Kenah, Penjual Getuk Boled yang Sehari-hari Berjualan dengan Berjalan Kaki

Min.co.id, Indramayu – Getuk boled merupakan salah satu makanan khas Indramayu. Kehadiranya pun kian sulit untuk dijumpai. Meski begitu, masih ada penjual getuk boled yang menjajakan jualannya dengan berjalan kaki.

Kenah salah satu pedagang makanan khas Kabupaten Indramayu yaitu Getuk Boled masih menjualkan dagangannya dengan berkeliling hanya berjalan kaki ditengah-tengah terik matahari.

“Selama ini berjualan getuk boled hanya berjalan kaki dengan menggedong getuk menggunakan cepon. Berkeliling di tempat keramaian. Lumayan apabila habis terjual semua bisa memenuhi kebutuhan ekonomi keluarganya,” kata Kenah di Pabean Udik Kabupaten Indramayu, Selasa (21/9/2021).

Memasuki umur yang menginjak 55 sebagai penjual makanan tradisonal Getuk Boled Kenah mengaku sering sakit dan kelelahan. Namun karena masih banyaknya masyarakat mencari makanan tradisonal dirinya masih terus menjalankan aktivitasnya.

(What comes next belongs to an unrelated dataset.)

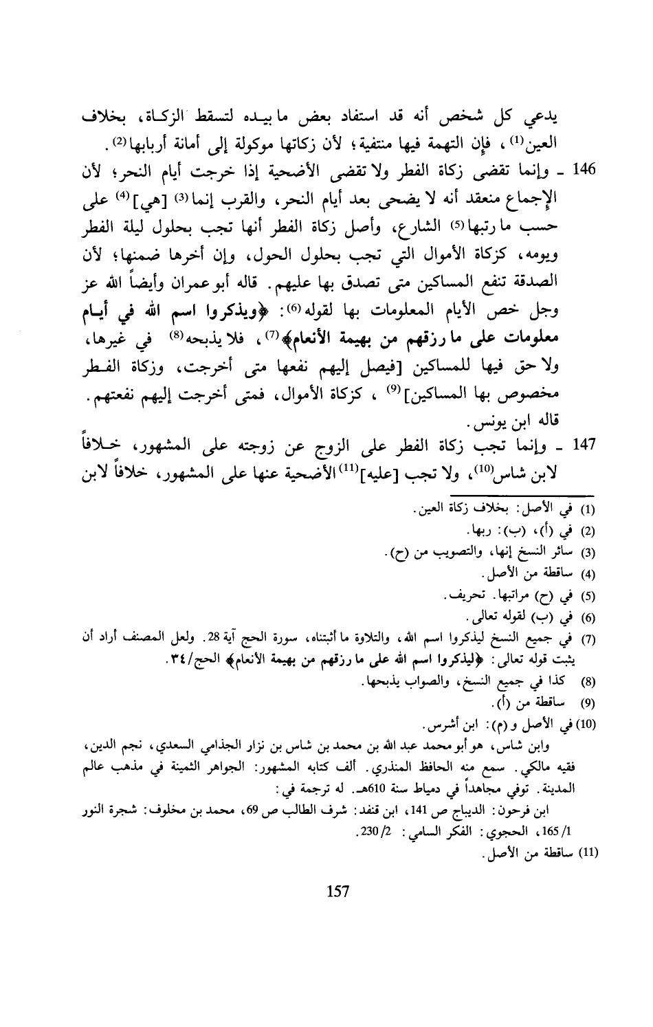147 - وإنما تجب زكاة الفطر على الزوج عن زوجته على المشهور، خلافًا لابن شاس (¬10)، ولا تجب [عليه] (¬11) الأضحية عنها على المشهور، خلافًا لابن

“Capek kalau sudah sampai rumah. Mungkin karen sudah tua. Tapi, dengan masih banyaknya pembeli, jadi saya tetap berjualan,” kata Kenah.

Salah satu pembeli, Waryan, mengatakan getuk buatan Kenah sangat ia sukai.

“Sudah murah enak dan mengenyangkan,” ujar Waryan.

Getuk Boled sudah menjadi bagian dari hidup Kenah karena jualannya turun-temurun dari orang tuannya. Untuk membuat Getuk Boled harus dimulai sejak dini hari dengan dibantu oleh sang suami. Getuk boled yang berbahan baku ubi jalar itu dikukus hingga matang kemudian dihancurkan menggunakan sendok dan diratakan hingga dipotong kotak-kotak serta ditaburi serutan kelapa.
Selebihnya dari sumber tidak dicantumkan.